(Exercise description):
Reproduce all the lines below exactly and omit the images.
★ ★ ★
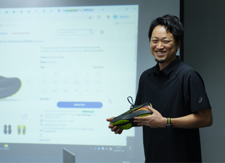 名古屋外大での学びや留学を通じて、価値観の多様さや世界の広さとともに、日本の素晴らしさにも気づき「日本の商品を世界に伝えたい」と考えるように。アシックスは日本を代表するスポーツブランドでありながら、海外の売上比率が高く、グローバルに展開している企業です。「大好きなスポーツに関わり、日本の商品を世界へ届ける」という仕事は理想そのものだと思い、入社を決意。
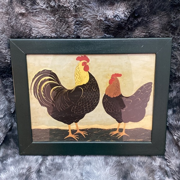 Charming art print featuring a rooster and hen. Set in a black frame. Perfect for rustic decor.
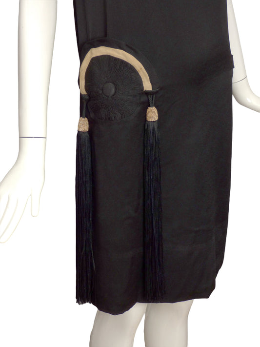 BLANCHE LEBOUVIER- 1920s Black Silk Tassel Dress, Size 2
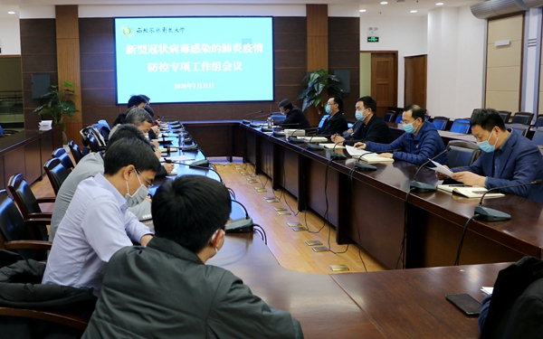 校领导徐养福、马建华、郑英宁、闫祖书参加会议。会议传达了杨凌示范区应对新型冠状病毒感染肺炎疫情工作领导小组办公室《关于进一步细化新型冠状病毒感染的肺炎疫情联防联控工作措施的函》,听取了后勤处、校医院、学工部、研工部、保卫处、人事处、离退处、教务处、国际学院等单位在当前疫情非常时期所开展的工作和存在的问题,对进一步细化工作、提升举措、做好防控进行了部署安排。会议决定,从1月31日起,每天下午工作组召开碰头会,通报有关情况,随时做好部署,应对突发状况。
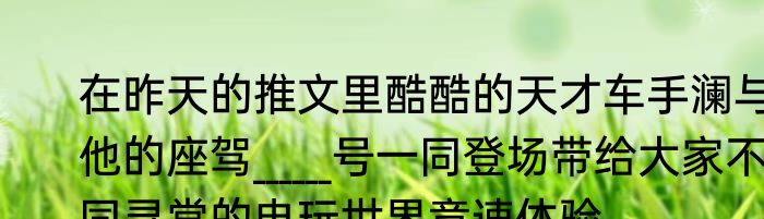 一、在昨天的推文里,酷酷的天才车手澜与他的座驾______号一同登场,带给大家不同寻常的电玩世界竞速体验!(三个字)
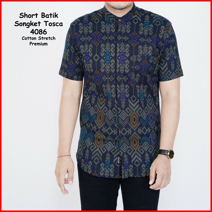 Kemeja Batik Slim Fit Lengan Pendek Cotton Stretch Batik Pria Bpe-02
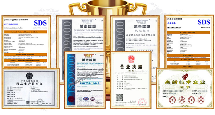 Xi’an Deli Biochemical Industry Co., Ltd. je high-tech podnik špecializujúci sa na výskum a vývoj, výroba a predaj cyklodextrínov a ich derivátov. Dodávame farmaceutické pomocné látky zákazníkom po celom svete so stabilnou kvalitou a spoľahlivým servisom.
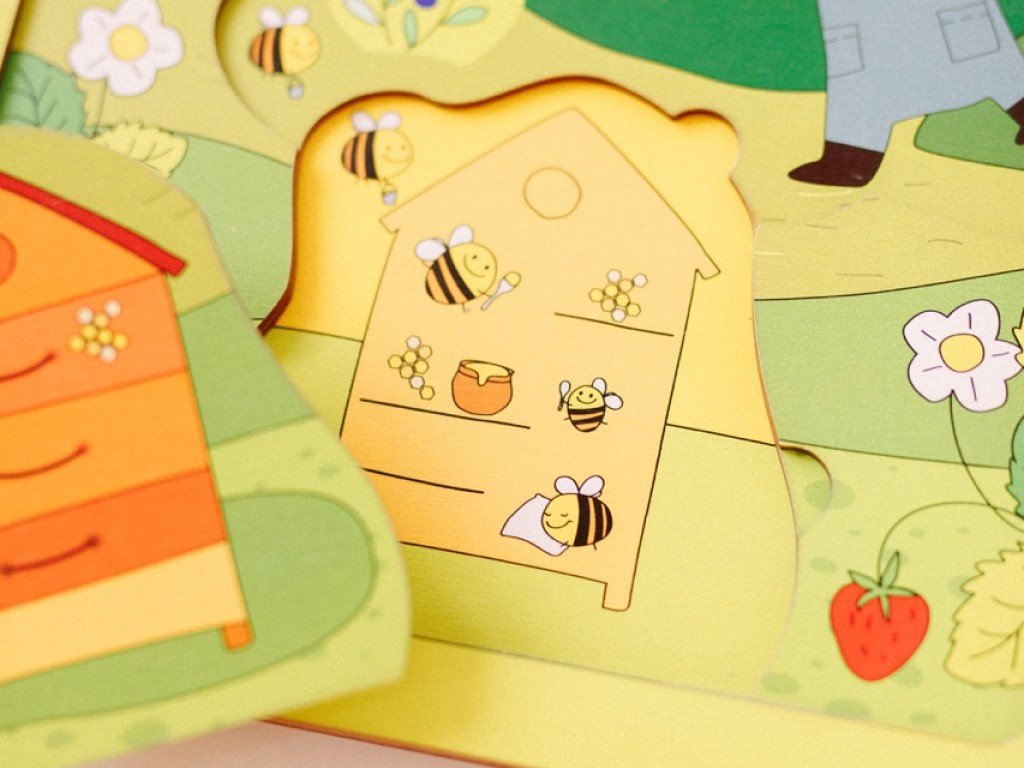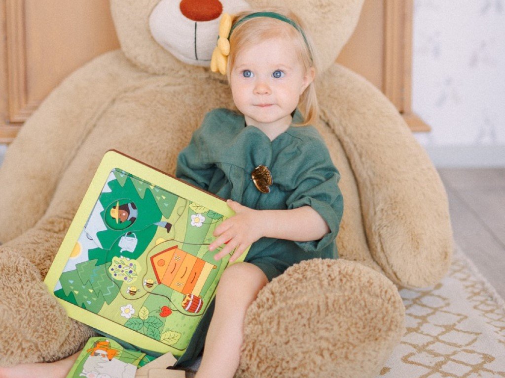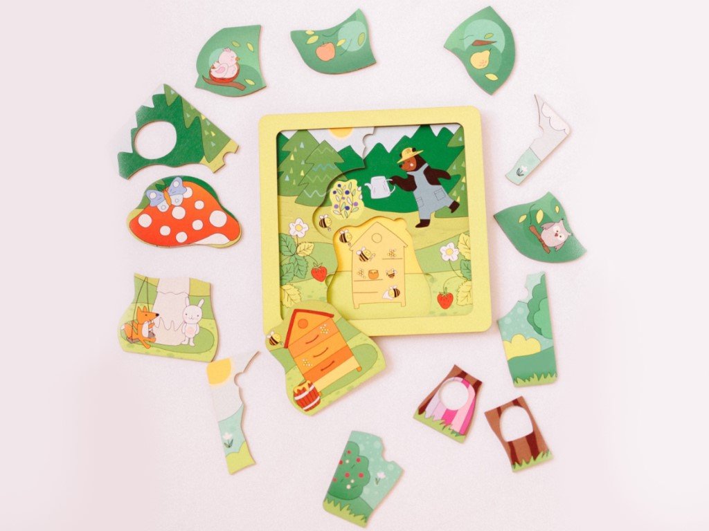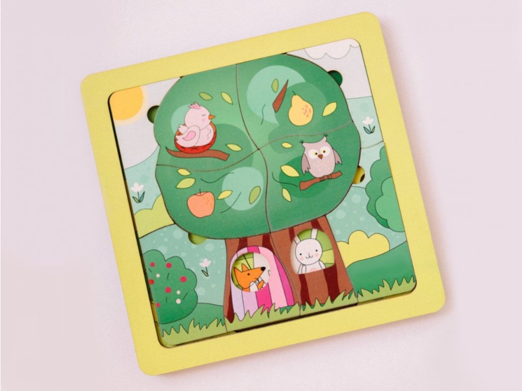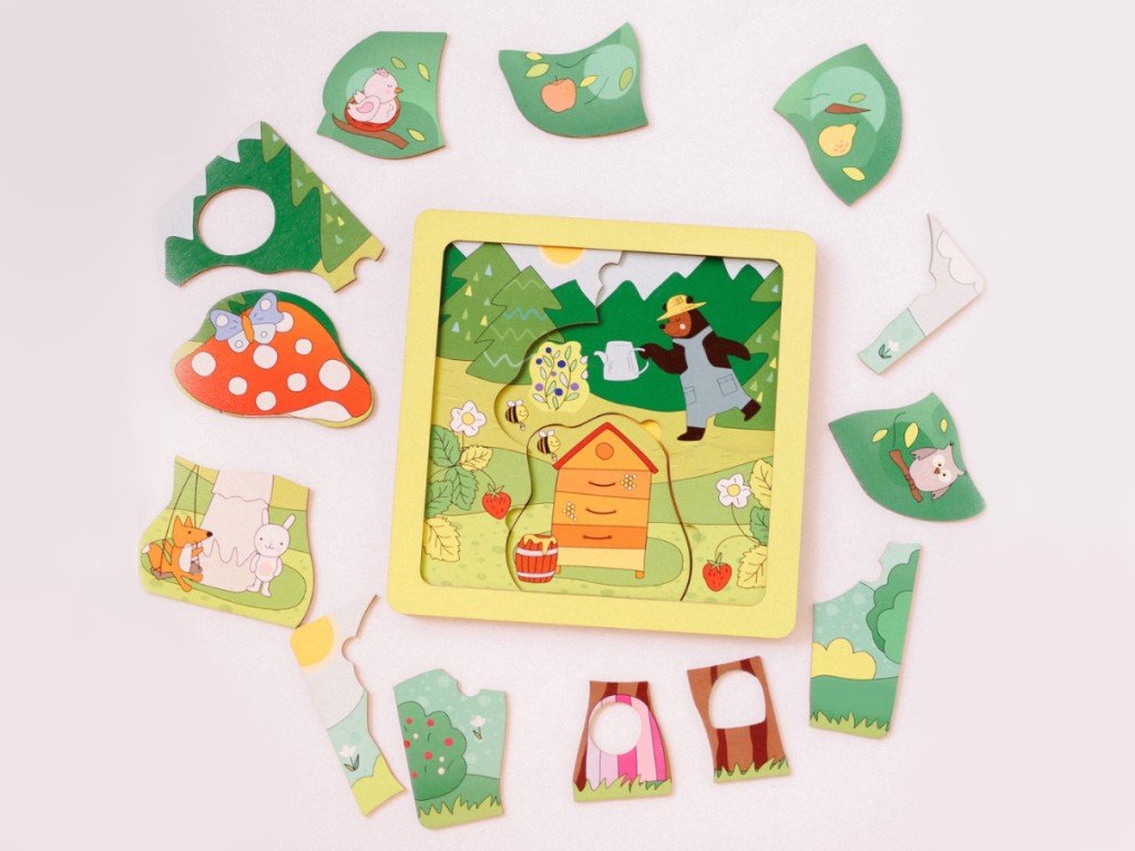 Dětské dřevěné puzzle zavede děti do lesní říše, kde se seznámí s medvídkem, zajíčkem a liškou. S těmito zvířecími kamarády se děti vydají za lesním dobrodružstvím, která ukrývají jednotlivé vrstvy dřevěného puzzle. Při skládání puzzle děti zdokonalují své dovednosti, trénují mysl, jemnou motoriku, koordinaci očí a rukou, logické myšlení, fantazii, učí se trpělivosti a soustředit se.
★ ★ ★
(Result below):
 名古屋外大での学びや留学を通じて、価値観の多様さや世界の広さとともに、日本の素晴らしさにも気づき「日本の商品を世界に伝えたい」と考えるように。アシックスは日本を代表するスポーツブランドでありながら、海外の売上比率が高く、グローバルに展開している企業です。「大好きなスポーツに関わり、日本の商品を世界へ届ける」という仕事は理想そのものだと思い、入社を決意。
 Charming art print featuring a rooster and hen. Set in a black frame. Perfect for rustic decor.
 BLANCHE LEBOUVIER- 1920s Black Silk Tassel Dress, Size 2
 校领导徐养福、马建华、郑英宁、闫祖书参加会议。会议传达了杨凌示范区应对新型冠状病毒感染肺炎疫情工作领导小组办公室《关于进一步细化新型冠状病毒感染的肺炎疫情联防联控工作措施的函》,听取了后勤处、校医院、学工部、研工部、保卫处、人事处、离退处、教务处、国际学院等单位在当前疫情非常时期所开展的工作和存在的问题,对进一步细化工作、提升举措、做好防控进行了部署安排。会议决定,从1月31日起,每天下午工作组召开碰头会,通报有关情况,随时做好部署,应对突发状况。
 一、在昨天的推文里,酷酷的天才车手澜与他的座驾______号一同登场,带给大家不同寻常的电玩世界竞速体验!(三个字)
 Kemeja Batik Slim Fit Lengan Pendek Cotton Stretch Batik Pria Bpe-02
 Xi’an Deli Biochemical Industry Co., Ltd. je high-tech podnik špecializujúci sa na výskum a vývoj, výroba a predaj cyklodextrínov a ich derivátov. Dodávame farmaceutické pomocné látky zákazníkom po celom svete so stabilnou kvalitou a spoľahlivým servisom.
 Dětské dřevěné puzzle zavede děti do lesní říše, kde se seznámí s medvídkem, zajíčkem a liškou. S těmito zvířecími kamarády se děti vydají za lesním dobrodružstvím, která ukrývají jednotlivé vrstvy dřevěného puzzle. Při skládání puzzle děti zdokonalují své dovednosti, trénují mysl, jemnou motoriku, koordinaci očí a rukou, logické myšlení, fantazii, učí se trpělivosti a soustředit se.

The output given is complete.